With the aim of evaluating the ERP components of interest, the EEG was segmented into stimulus-locked epochs of 2,200 ms (200 pre-stimulus). The epochs including Hits (Old images recognized as old, i.e., “Old” condition) and Correct Rejections (New images recognized as new, i.e., “New” condition) were evaluated. All epochs were corrected to the mean voltage of the first 200 ms of each epoch (pre-stimulus baseline), and segments exceeding ±100 μV were automatically rejected. The epochs were then averaged separately for the Old and New conditions, and a minimum of 41 artifact-free epochs were averaged for each condition. Finally, to obtain the Old-New difference waveforms, the averaged epochs related to the “new” trials were subtracted from the averaged epochs related to the “old” trials (Friedman, 2013). All the offline processing of the signal was performed using Brain Vision Analyzer 2.2.

The mean amplitude (in μV) of the Early Frontal (EF; in the 400–700 ms interval at the F3, Fz, and F4 electrodes), Parietal (P; in the 450–800 ms interval at P3, Pz, and P4) and Late Frontal (LF; in the 800–1,600 ms interval at F3, Fz, and F4) Old-New effects were evaluated in the Old-New difference waveforms (Gutchess et al., 2007; Nessler et al., 2007; Guillaume et al., 2009; Wolk et al., 2009; Friedman, 2013). Since previous ERP studies indicated that Old-New EM effects occur later in aging and as done in previous studies (see, for example, Guillaume et al., 2009 for EF), later and longer intervals than those used in studies on younger samples were used to capture these effects for both groups.

2.6. Statistical analysis

To investigate baseline differences between the middle-aged and older adults, demographic factors and cognitive function assessments were analyzed by independent sample t-test and Chi-squared test for continuous variables and dichotomous variables, respectively (see Table 1).

To investigate the effect of tDCS on recognition performance in the two age groups, two separate repeated measures ANCOVAs were conducted on the Hit and CR rates with “Session” (anodal, sham) as a within-subjects factor, “Group” (middle-aged, older adults) as a between-subjects factor and education as a covariate. To investigate the effect of tDCS on the neural correlates of EM, mean amplitude values of the ERP Old-New effect components (EF, P, LF) were submitted to separated repeated measures ANCOVAs with “Session” (anodal, sham) and “Electrode” (F3, Fz, F4 for EF and LF; P3, Pz, P4 for P) as within-subjects factors, “Group” (middle-aged, older adults) as a between-subjects factor and education as a covariate. p-values ≤0.05 were considered significant. Post hoc comparisons were performed with Bonferroni correction for multiple comparisons. Partial eta squared values (η_p²) are reported as estimates of effect size (Richardson, 2011), while critical F and 1-β scores are reported as power measures for each significant ANCOVA effect.

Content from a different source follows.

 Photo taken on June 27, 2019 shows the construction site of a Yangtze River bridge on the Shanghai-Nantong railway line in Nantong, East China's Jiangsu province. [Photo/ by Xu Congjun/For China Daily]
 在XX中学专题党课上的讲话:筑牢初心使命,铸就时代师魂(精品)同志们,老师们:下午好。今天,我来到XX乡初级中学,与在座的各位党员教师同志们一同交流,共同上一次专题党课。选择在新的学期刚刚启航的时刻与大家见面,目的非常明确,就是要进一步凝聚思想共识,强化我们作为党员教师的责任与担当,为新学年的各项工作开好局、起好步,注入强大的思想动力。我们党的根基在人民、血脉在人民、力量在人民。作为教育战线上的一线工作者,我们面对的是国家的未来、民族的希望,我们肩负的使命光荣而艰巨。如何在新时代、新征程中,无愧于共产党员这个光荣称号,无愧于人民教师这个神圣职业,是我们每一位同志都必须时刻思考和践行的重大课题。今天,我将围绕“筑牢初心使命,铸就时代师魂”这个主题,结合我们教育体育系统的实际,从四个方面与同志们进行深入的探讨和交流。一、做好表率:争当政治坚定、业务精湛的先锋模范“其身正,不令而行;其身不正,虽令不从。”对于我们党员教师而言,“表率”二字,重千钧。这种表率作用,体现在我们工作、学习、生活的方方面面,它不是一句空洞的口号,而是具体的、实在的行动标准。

Data related to the sensations induced by tDCS were analyzed with a non-parametric Wilcoxon test to compare the different session (anodal, sham) in the two groups of participants (middle-aged, older adults). Statistical analyses were performed with IBM SPSS Statistics, and statistical power and analyses were estimated using GPower 3.1 (Faul et al., 2009).

3. Results

The only two significant differences among cognitive and demographical variables of the two groups were age (p < 0.001) and years of education (p < 0.01), with middle-aged adults being younger and showing a higher degree of education (Table 1).

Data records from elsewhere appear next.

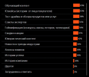 Так, 36% опрошенных выступили за длинное видео против 68% респондентов, препочитающих короткие ролики. По мнению аналитиков, это связано со сложностью производства длинного видео. Также заметен интерес к форматам с геймификацией и вовлечением пользователей — квизы, тесты, опросы.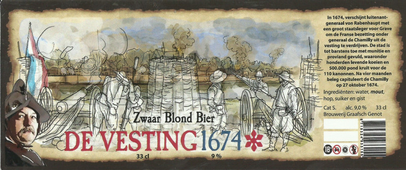 | Biernaam op etiket | De Vesting 1674 Zwaar Blond Bier |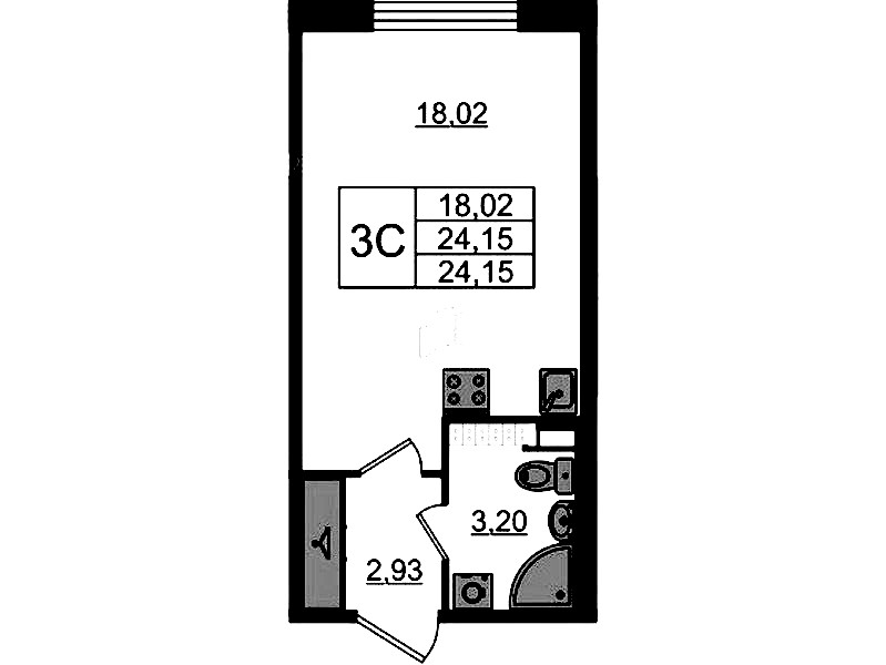 Квартира-студия на 4-ом этаже 23,9 кв.м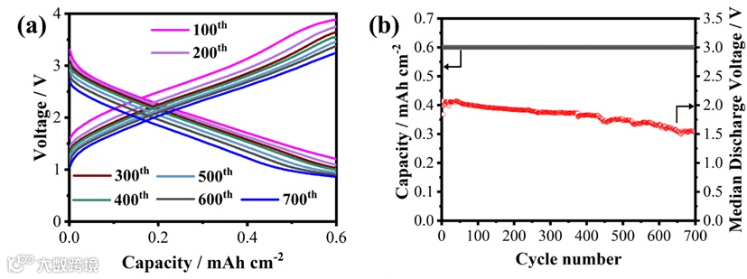 图5. 优化电解液后封闭式锂-锂氧化物电池的充放电曲线和循环性能。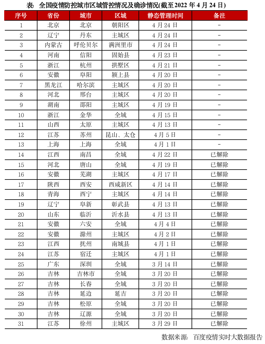 3月以来,超过30个城市紧急发布静态管理疫情防控公告,其中,苏州、太原等城市仅在疫情高发的重点区域实行管控,而上海、深圳、长春等实行全域静默管理,期间全城非必要经营活动暂停,房地产市场也因此几乎陷入停摆。截至4月24日,仍有13个城市处在局部或全域静态管控当中,全国尚存在111个中高风险地区。

Participants were unable to discriminate between the two tDCS conditions (anodal, sham). Over 36 participants, 25 responded they received “Real stimulation” in both sessions, 3 responded that they received “Sham” stimulation in both sessions, 7 selected “I do not know.” Only one participant was able to correctly deduct the stimulation received in both sessions.

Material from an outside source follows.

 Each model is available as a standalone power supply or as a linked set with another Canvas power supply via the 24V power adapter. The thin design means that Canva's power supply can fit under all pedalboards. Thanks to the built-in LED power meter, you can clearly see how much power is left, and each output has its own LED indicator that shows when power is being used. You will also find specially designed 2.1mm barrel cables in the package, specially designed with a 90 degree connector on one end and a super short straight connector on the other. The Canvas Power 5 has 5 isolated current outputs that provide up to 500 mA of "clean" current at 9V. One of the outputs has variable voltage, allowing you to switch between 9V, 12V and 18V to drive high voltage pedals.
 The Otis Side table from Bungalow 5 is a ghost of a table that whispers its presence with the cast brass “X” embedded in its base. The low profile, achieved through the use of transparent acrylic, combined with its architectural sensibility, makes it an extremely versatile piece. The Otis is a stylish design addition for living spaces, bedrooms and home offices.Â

Separated analysis performed on data collected in middle-aged and older adults showed no differences between anodal and sham tDCS on irritation, burning, heat, iron taste and fatigue sensations (middle-aged all p > 0.26; older adults all p > 0.18). Therefore, atDCS was indistinguishable from the sham tDCS condition in all the sensations; hence, the blinding between the two stimulation conditions reduced experimental biases on participants’ expectations (see Supplementary material for the data).

3.1. Behavioral results

ANCOVA results on the Hit rates showed a significant Group × Session interaction [F(1,35) = 7.51, p = 0.01, η_p² = 0.177, critical F = 4.12, 1−β = 0.79]. Post hoc comparisons revealed that middle-aged subjects showed a detrimental effect on recognition performance after receiving anodal tDCS, with significantly lower Hit rate values (mean = 84.9, SD = 10.1) than after sham tDCS (p = 0.043; mean = 87.3, SD = 9.7). In contrast, recognition performance in the older adults was ameliorated after anodal tDCS, with a significantly higher hit rate (p = 0.048; mean = 83.6, SD = 13.4) than after sham tDCS (mean = 81.1, SD = 14.2) (Figure 2A). No significant differences emerged when comparing recognition performance (Hit rate) between the two age groups (p > 0.10). No significant main effect or interaction emerged when considering CR rates as the dependent variable (Figure 2B).

FIGURE 2

Figure 2. Behavioral results. (A) Boxplots depicting the hit rate obtained during the recognition EM task in middle-aged (left) and older adults (right) after anodal and sham tDCS sessions; (B) Boxplots depicting the correct rejection rate obtained during the recognition EM task in middle-aged (left) and older adults (right) after anodal and sham tDCS sessions. For each boxplot, the rectangles represent the interquartile range from the 25th percentile (quartile 1, Q1; lower black bar) to the 75th percentile (quartile 3, Q3; upper black bar), with the horizontal bar inside representing the 50th percentile (quartile 2, Q2, median), and the horizontal bars depicting the largest (upper bar) and smallest (lower bar) values within 1.5 times the interquartile range above the 75th percentile and below the 25th percentile, respectively. * indicates a significant difference.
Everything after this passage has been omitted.